Murphy Walks Where The Sidewalk Ends

Laura Glesby photo

Chris Murphy asks Raisa about her family as she shows him a photo of her daughter.

As 85-year-old Raisa pulled up a photograph of her daughter on her iPhone, U.S. Sen. Chris Murphy took a break from walking across Fair Haven Heights to ask her a question. 

Is she safe?”

Murphy met Raisa along a mile-long stretch of the east side of New Haven on Thursday morning as he traversed the last leg of his seventh annual Walk Across Connecticut.” 

Raisa sat on the bench of an Eastern Street pocket park behind her home at the Fair Haven Heights senior living community of Bella Vista.

When Murphy strolled by — more than 60 miles into his journey that started in Stafford and ended in East Haven — she had a brief chance to tell the prominent advocate for Ukrainian aid about her family’s life in a country entangled in war. 

Chris Murphy, having just crossed over from New Haven's Eastern Street to East Haven's Laurel Street on Thursday.

Raisa’s daughter, who lives in Raisa’s former country of Belarus, is safe. But as Murphy said, These are hard times in Belarus.”

It’s terrible now,” Raisa agreed. She showed him her daughter’s photo.

Do you think she’d want to come here from Belarus?” Murphy asked.

She visits,” Raisa said. 

Murphy handed her his card with contact information for his office, noting that if Raisa ever needs help with a visa application, she should contact him.

Further up the hill, Murphy observed, She probably will have some visa issues at some point.”

Murphy passes Bella Vista.

Raisa was the second Belarusian immigrant Murphy met this week on his annual walk from one end of the state to the other.

Though Murphy typically walks across the state in the summer, initial plans to do so in 2023 were canceled when he contracted Covid-19 and rescheduled his walk to autumn. He takes a different route each year, typically starting in the north and ending in the south.

This week, Murphy took a four-day, 67-mile walk: walking one day from Stafford to Manchester, the next from Manchester to Bethel, then from Bethel to North Haven, and finally on Thursday from North Haven to East Haven. 

Though he rides back to his Hartford home at the end of each day, he begins the next morning exactly where he left off the night before, following one continuous path from end to end of the state. 

The journey takes him from more rural, wooded areas to walkable city streets to busy yet car-centric neighborhoods.

His route included about a mile through New Haven’s Quinnipiac Meadows and Fair Haven Heights neighborhoods — primarily along Eastern Street, where pedestrians are rare and sidewalks are disjointed.

"The State Is Terrible For Pedestrians"

Reaching the end of an Eastern Street sidewalk, Murphy resorted to walking in the road.

By the time he made it there, Murphy had honed a couple of strategies for ambling through car-centric neighborhoods by foot.

First: when there is a sidewalk, use it. Even if that means rushing across the street where there is no crosswalk to get from the end of a sidewalk on one side of the road to the start of a sidewalk on the other.

Second: when there is no sidewalk, walk against traffic — except when the road turns a corner, in which case it may be easier to see oncoming cars from the far side.

Having grown up in Hartford, Murphy is used to navigating across the state from the perspective of a car driver or passenger. The annual walk has given him a renewed perspective on the challenges of being carless in Connecticut.
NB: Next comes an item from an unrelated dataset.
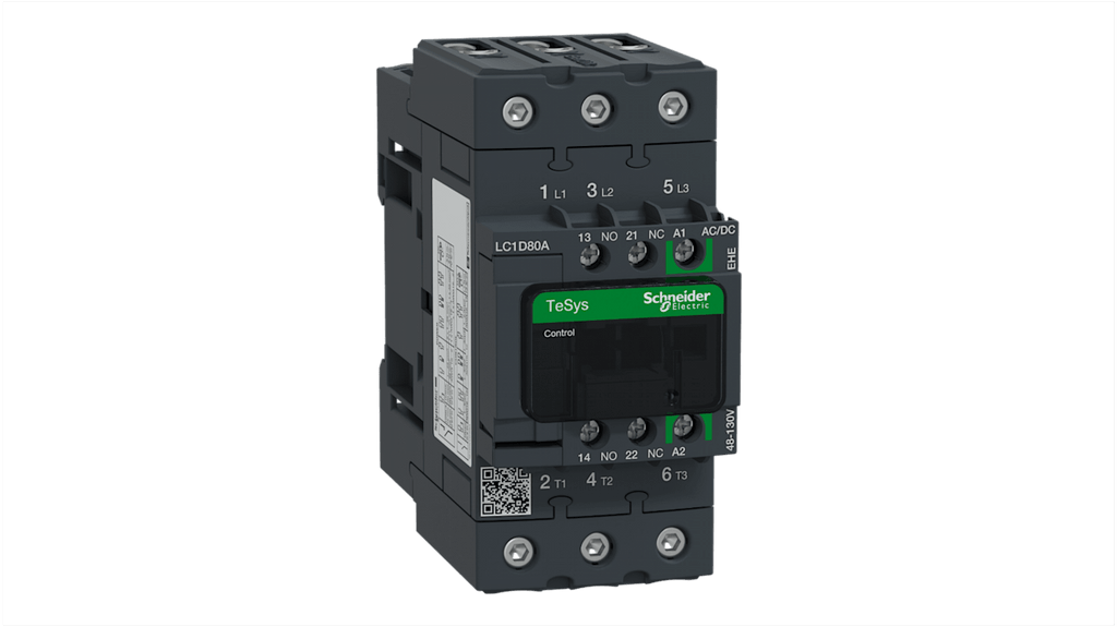 Contattore di commutazione Schneider Electric, serie LC1D, 3 poli, 1 NA + 1 NC, 80 A. Bobina a basso consumo, controllo elettronico, velocità di funzionamento fino a 3600 cicli all'ora, temperatura ambiente fino a 60 gradi Celsius. Morsetti ad anello con viti multi-standard, montaggio su guida DIN o fissaggio a vite, resistenza al fuoco, ausiliari a prova di polvere.

The state is terrible for pedestrians. I’m reminded of that every year,” he said. 

Having taken up a focus in the last year on the epidemic of loneliness” affecting the United States, Murphy took special note this week of how Connecticut residents find opportunities for — or barriers to — community building.
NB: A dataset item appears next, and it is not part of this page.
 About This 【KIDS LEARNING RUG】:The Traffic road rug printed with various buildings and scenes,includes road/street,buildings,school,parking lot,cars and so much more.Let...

He met a trio of friends who meet every morning in a North Haven diner to start their days. He heard laments about the closure of a public pool in Wallingford, which once served as a convening place for residents.

This year, he said, the Israel-Gaza and Ukraine-Russia wars have trickled into his conversations with constituents. 

Still, he said, most of the constituents he talks to are concerned about issues like surviving on low or fixed incomes, the community spaces in their neighborhoods, the quality of their kids’ education.

What defines this walk is not what’s different from year to year, but what’s the same,” he said.